The co-op will also help refurbish bicycles and sell new accessories.
And along the lines of making the City greener one cyclist at a time, Dan Korman, an Over-the-Rhine resident, will open his store Park + Vine, Downtown, in May. His store will feature goods for the ecologically-minded and will include an indoor bike rack. No stranger to cycling, Korman, 39, recently worked in marketing and communications for Chicago Bicycle Association.
And while he says there’s no point comparing the Windy City’s cycling initiatives to Cincinnati’s, he is positive about our Downtown community’s efforts to use more bikes. “If you go to the American Bike League’s Web site, you’ll read that a bike friendly community is one where municipal workers use bikes.”
Look around Downtown, says Korman, and you will see Cincinnati Police officers on bikes, as well as Downtown Cincinnati Inc.’s Downtown Ambassadors, who are on hand to assist Downtowners and help keep the streets safe and clean.

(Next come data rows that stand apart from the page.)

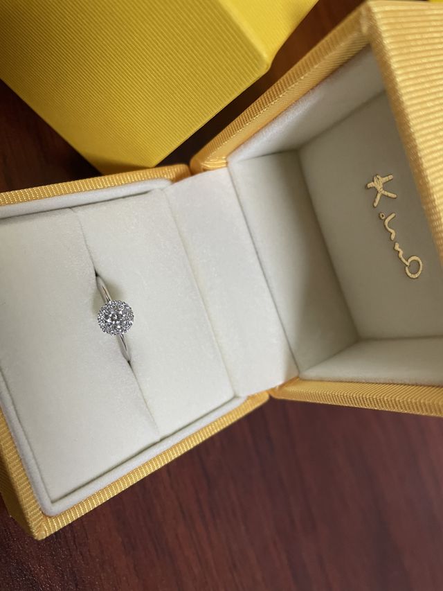 多くのリングの中から、ケイウノブライダルにしかない「クララステラ」カットのダイヤモンドに惹かれて、これが欲しい!と一目惚れし、購入を決めました。ダイヤはもちろんのこと、リングの内側にも大切な思い出を刻むことができることも決めてです。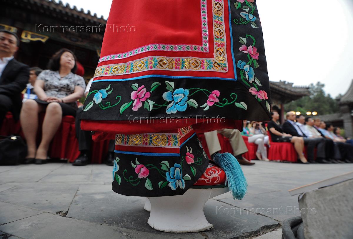 Genre photo. Chinese girls in traditional costumes during the tea ceremony.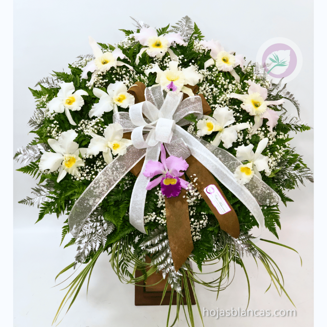 Coronas de flores fúnebre con orquídeas cattleyas para expresar condolencias.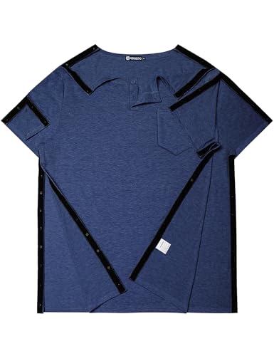 • Patient-Centric Design - Featuring a tear away short sleeve Henley design with a round neckline and three-button placket, this Henley shirt fastens strategically snaps on both sides, cuffs, and shoulders. Enables partial access for examinations while maintaining coverage, minimizing movement strain during dressing. Combines clinical functionality with Fashionable style to preserve patient dignity during recovery.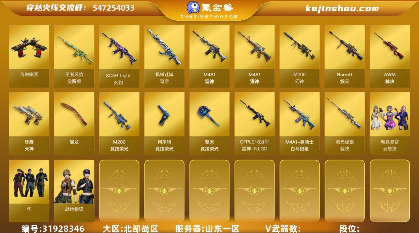 ABC11324/北部/山东一区/钱包注销/可排位/可二次/掌火ID:766684279/47V/传说幽冥/幻神/幻神丹凤/玄豹/M200竞技荣光套/M200竞技荣光/裁决/裁决流光秘银/王者风势/毁灭/雷神/【四防已开】/电竞教官云悠悠/【四防未开】/华/永久AC/细节看图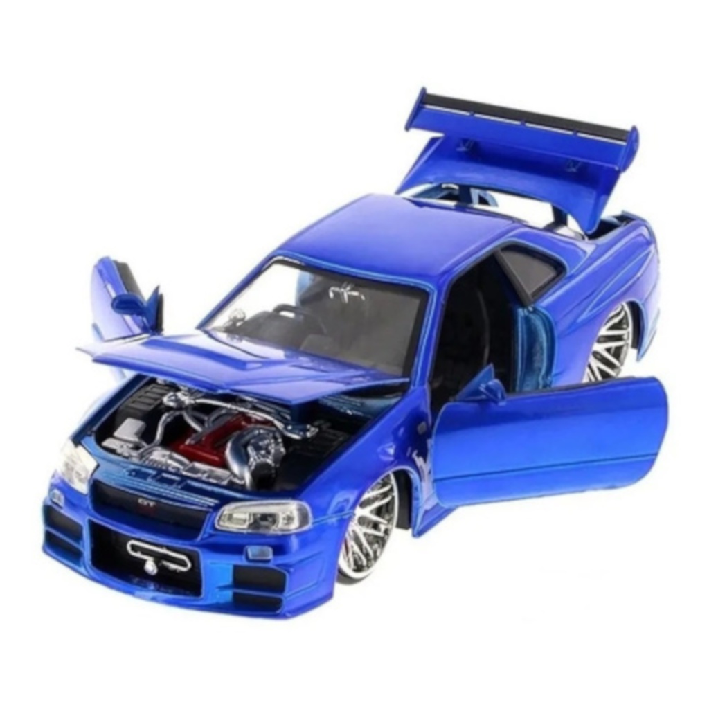 Carrinho Miniatura De Ferro 1:24 Velozes e Furiosos Nissan Skyline GTR R34 Abre Portas Capô Malas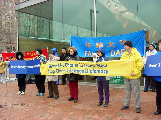 【明慧网2003年3月8日】营救李祥春(Charles Li)车队一行6人从波斯顿出发,冒着暴风雪途经纽约、费城至首府华盛顿DC。3月6日下午三点半在以自由民主著称的费城自由钟前举行了新闻发布会,呼吁各界人士伸出援手,让美国公民、法轮功学员李祥春早日获得自由。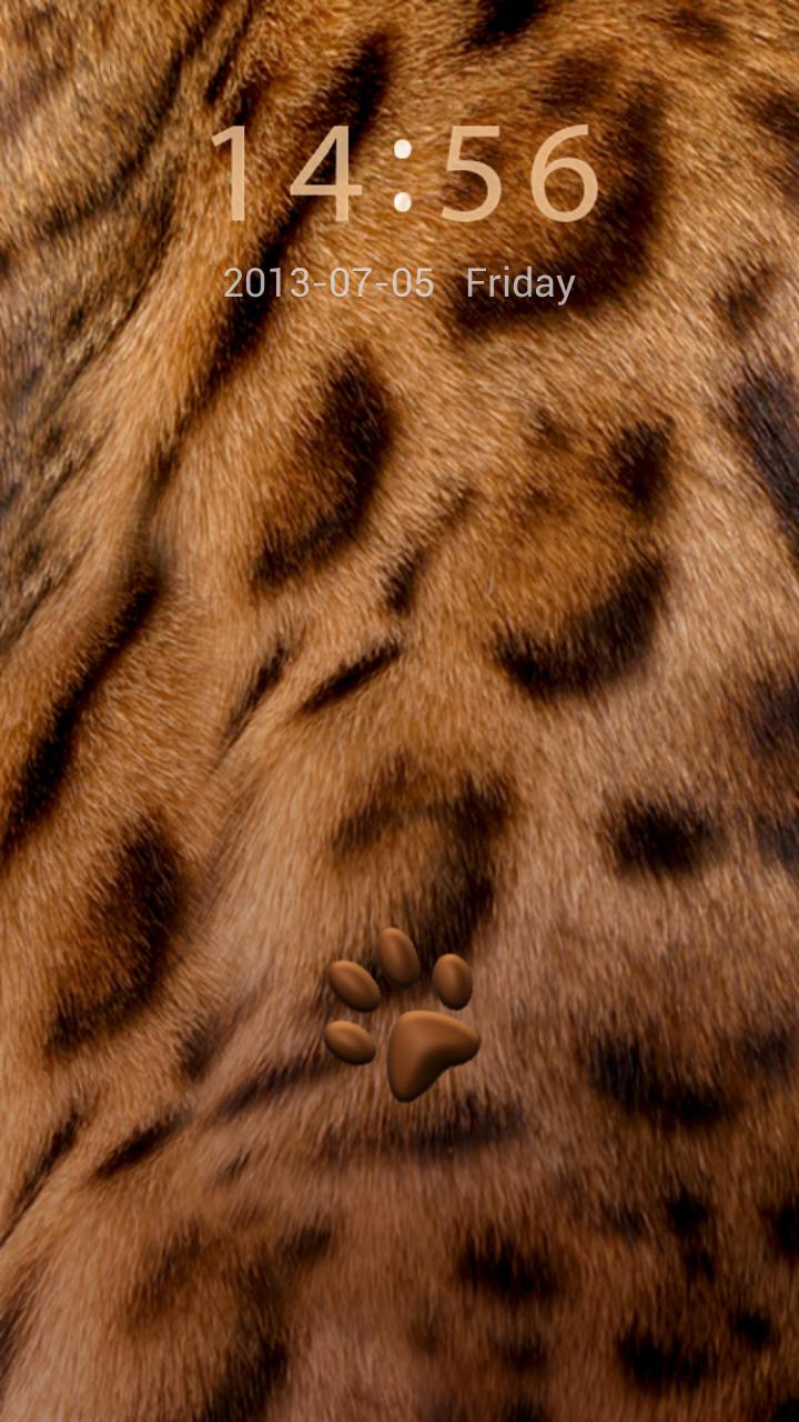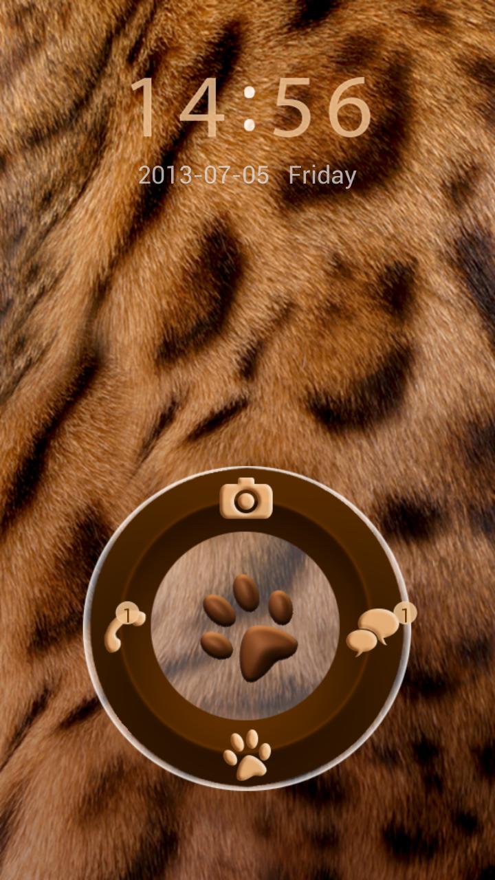 Leopard fur theme. This motif was made for people who like nature and animals, especially these wild from Africa. Color of the clock is brown, date is white. Lock bar has been replaced by wheel with the brown icons of basic application. In the middle of wheel is brown leopard footprint. This wheel is in shades of brown. This application was made in modern colors and patterns so if you want to be trendy or if you just like animals this theme is for you.

“I think we’re pretty bike-friendly,” he says.
And Cincinnati may be one pedal ahead of Northern Kentucky when it comes to urban cycling issues.
Jason Resor, owner of Resor Bicycle on Eighth and Monmouth Streets in Covington, hopes the government on his side of the River will sit up and take notice.
“Northern Kentucky isn’t as focused and directed [in bike-advocacy efforts],” says Resor, who has operated Resor Bicycle for about seven years.
He says that although the Kentucky Mountain Bike Association is active in getting new trails completed, there is not much happening in the way of better policies for the urban cyclist.
There are many governing bodies within a smaller area (than in Cincinnati) says Resor. And that can make things complicated, although there is progress.
“Boone County has been really stepping up. It has been widening some roads,” says Resor. “We are just trying to be a part of a greener Downtown [too].”
And many think that that may be happening, as more people witness such changes in other cities.
“Chris and I were in Portand, Oregon, recently,” says Hardesty. “We rode our bikes to a park in the middle of the city that didn’t allow cars. I mean, we’re talking a forest right in the middle of the city.”
Hardesty says she looked over at her husband, and asked him if he thought something like that could ever work in Cincinnati. He wasn’t so sure, she says.
“But I really think it could be done. Some day I think people here will be open to something like that.”
And she could be right. As more trails open and roads widen for cyclists, and as more living in the City’s core forego cars for bikes – even if it’s just to the market and back – Downtown may just be getting greener – one cyclist at a time.